Health insurance is a complicated topic. From trying to understand the alchemy of picking a coverage level to seeing if you will be able to keep your doctor under a new plan, it’s often a challenge to get what you want and need out of your health coverage. Understandably, that’s just the part of the insurance marketplaces focused on delivery.
Before you even get to that part, you have to understand where you’re buying your insurance. Especially if you haven’t bought from anywhere besides your employer, the answer might be a bit confusing. Yes, you will still have choices over the insurer, but you’re still going to need to take another step back.
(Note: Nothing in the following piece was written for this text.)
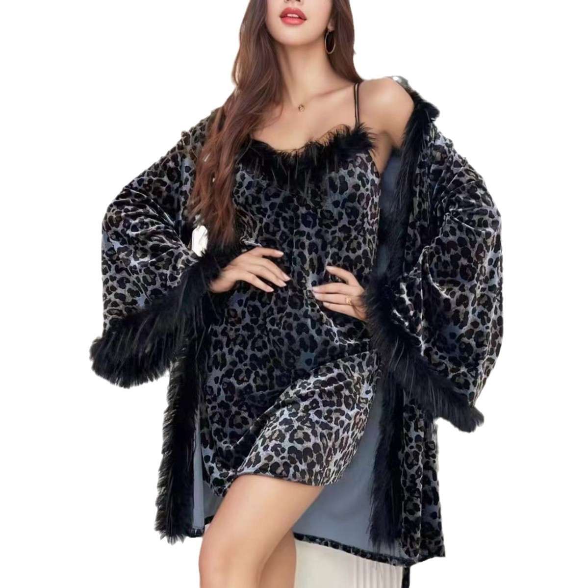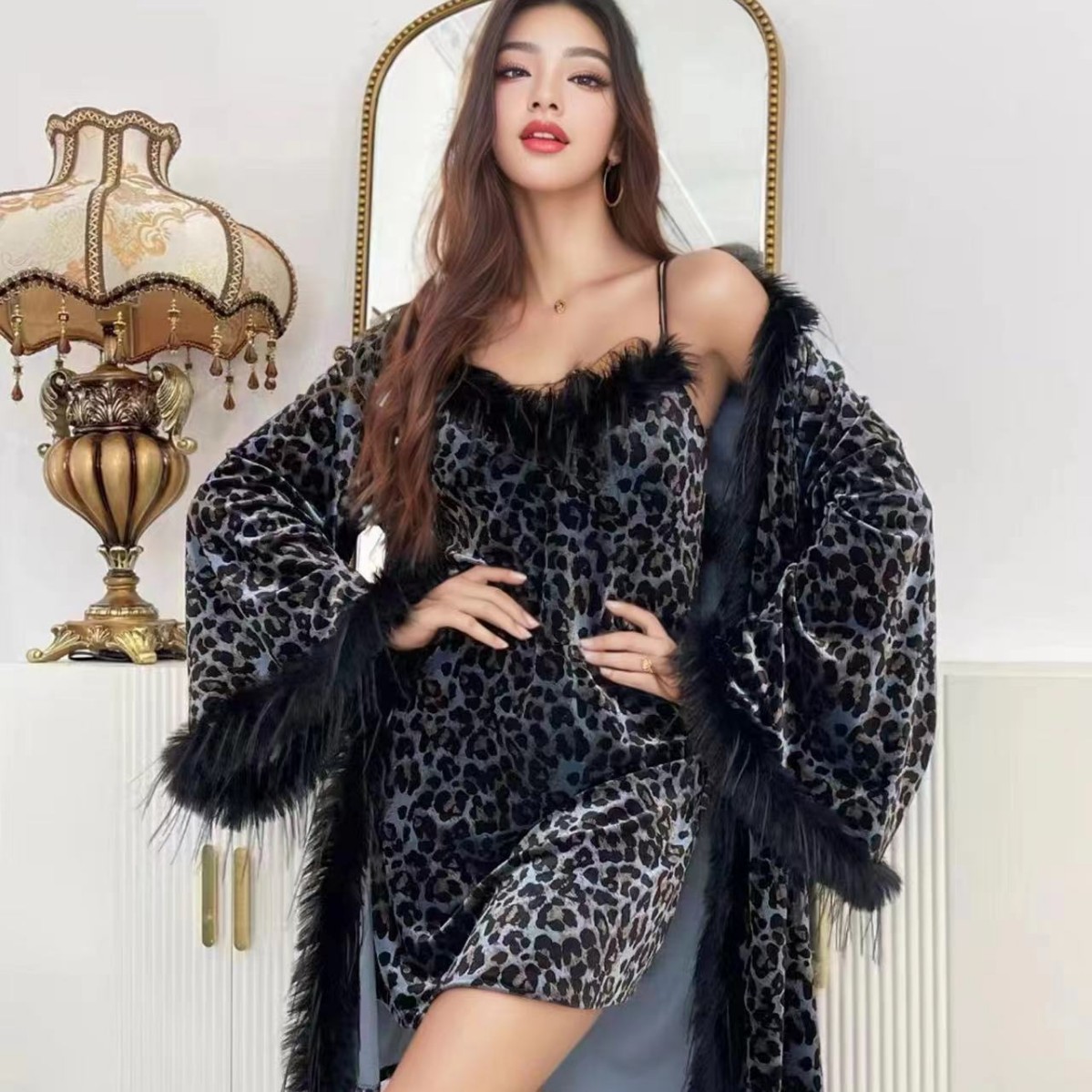 [По индивидуальному заказу] Домашняя одежда, трансграничная европейская и американская ночная рубашка с леопардовым принтом и ночная рубашка, комплект из двух предметов, золотые бархатные сексуальные пижамы на подтяжках для женщин

The first step is understanding which health insurance exchange exists in your state.
Exchange Management: How Is Your State Run?
During the passage of the ACA, states were given options in the management and maintenance of their health insurance exchanges, choosing either to run their own marketplace, defer to HealthCare.Gov, or operate a hybrid approach. These decisions have had a lasting impact on the window for citizens to enroll, the types of coverage available, and even the IT management for the websites.
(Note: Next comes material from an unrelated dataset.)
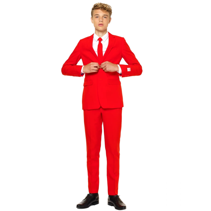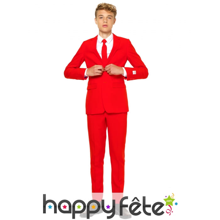 Le costume 3 pièces rouge uni pour ado est un déguisement sous licence officielle Opposuits.

How Do These Exchanges Differ? Responsibility
According to Health Affairs, the decision on whether a state wanted to run its own exchange was based on the responsibilities they wanted to take on. Here are just some of the factors that may fall into the hands of the state or the federal side of the equation:
- Regulatory flexibility and guidance: Often, state-run exchanges provide these areas with the greatest level of flexibility to design plans around the needs of customers. However, federal marketplaces will offer more guidance and coordination, albeit with less flexibility.
- Control over insurance markets: Depending on the model they have chosen, states, which have traditionally regulated insurance, will have varying levels of control over the health plans offered through the exchange in their state. State-based exchanges have full control over plan management within the exchange, including final responsibility for certifying plans in the exchange.
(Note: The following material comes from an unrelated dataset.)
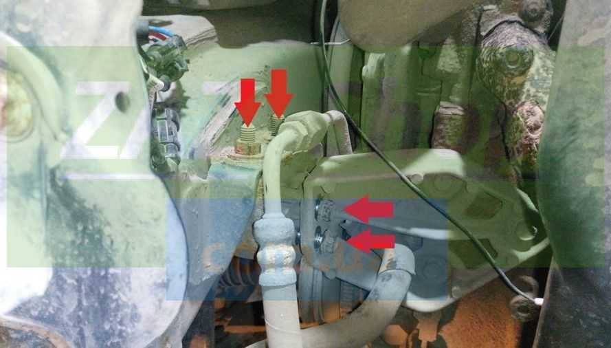 - Демонтируем кронштейн, соединяющий опору с двигателем. Кронштейн крепится 3-я болтами.

- Consumer outreach and education: States operating their own exchanges have full responsibility for running the consumer assistance functions of their exchanges, including establishing a web portal, call center, and navigator program to help people find and enroll in public or private coverage.
- Coordination: From Medicaid to IT systems, everything about open enrollment is based on coordination of activities. States operating their own exchanges may find such collaboration easier to manage within the state, although states with federally facilitated exchanges may experience greater difficulty establishing the necessary integration between state departments of insurance and Medicaid agencies and the federally facilitated exchange.
- Funding: Similar to the unique essential health benefits in each state, the funding platform has its own unique approach.
Four Different Exchange Management Approaches
In turn, this has left a few different approaches to health insurance exchange management for 2021 Open Enrollment, with some states operating a fully standalone exchange, others managing the delivery through the federal platform, and others still relying simply on the federal marketplace.
Federally Run Marketplace
Used by 24 states in Open Enrollment 2021, applicants are able to compare costs and options using the Healthcare.gov website. The federal health insurance marketplace (HealthCare.gov) opened for business in the fall of 2013 to mixed reviews. The federal exchange was created to fill a need when more than half the states decided that they didn’t want to run their own exchanges – either because they didn’t think it would be financially or technologically feasible.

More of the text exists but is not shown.